Aconite


Well folks, sorry it has taken me so long to post again. The Chinese New Year (Spring Festival) has been a very busy time and we are on a one week holiday here in Beijing bringing in the Year of the Ox. So, Happy Niu (牛) Year (“niu” is the pinyin for ox or cow in Chinese and it is pronounced, more or less, like “new”).
I have been thinking a lot about external preparations lately as I have been asked to do some formulation for a small company in S. California, The Herban Pharmer (www.herbanpharmer.com), and they have asked that I focus on external preparations to start because that is their focus at this point. An herb that is a component of many of the preparations the company already produces is aconite and it is a component of one of the preparations that will be coming out under my name will include aconite.

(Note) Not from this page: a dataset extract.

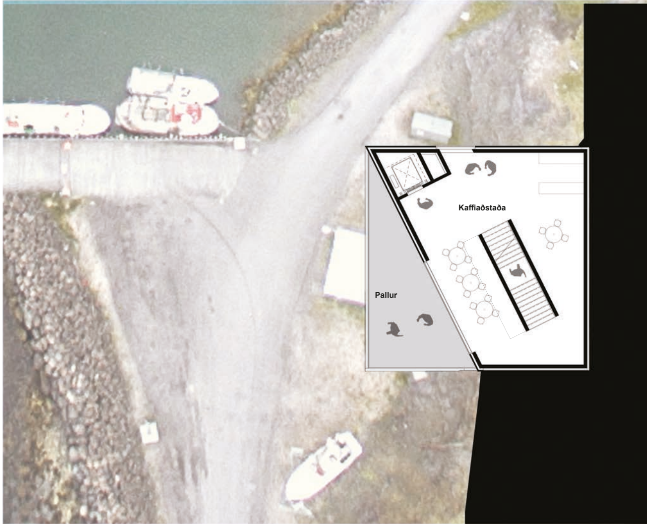
Grunnmynd 2. hæð, 1.200

Aconite is a member of the Ranunculaceae family, a large and ancient family of plants that include other well known herbs such as Black Cohosh and Golden Seal.
Aconite is a strong medicine and should only be used by trained professionals. Although it is very good at what is does, it can be toxic if overdoes occurs, being known to slow the central nervous system and affecting the vagus nerve, leading to slowed breathing and decrease in blood pressure, eventually it could cause complete stoppage of these vital systems.
Fortunately, when used correctly, it is both safe and extremely effective. One of its strongest therapeutic actions is to reduce pain associated with inflamed nerves, and was used to reduce extremely high fevers. This is the Western herbal usage, which differs a great deal from the Chinese herbal usage. In Chinese medicine, it is also used for pain, but the pain is caused by cold and dampness.
The differences in the two traditions may be due to the way Aconite is prepared in Chinese medicine. In Chinese medicine the root is treated using (generally) one of three different techniques to reduce its toxicity. This allows for relatively large doses to be used internally. While in Western herbal medicine, small doses of the tincture are used, and most herbalists use only the herbaceous portion of the plant as it not quite as strong and this makes it safer clinically.
All this aside, the use of this medicinal externally is quite safe and extremely effective for all sorts of pain. In Chinese medicine it is found in many external liniments for pain due to trauma and wind-cold-damp conditions (think arthritis that is worse when the weather is cold and/or damp). In Western herbal medicine it is used externally for various types of nerve pain and is quite good when applied to shingles.
Please remember this herb should only be used by trained professionals. This post is not meant at a training for those who might have a passing interest in herbal medicine, it is only meant to be informative.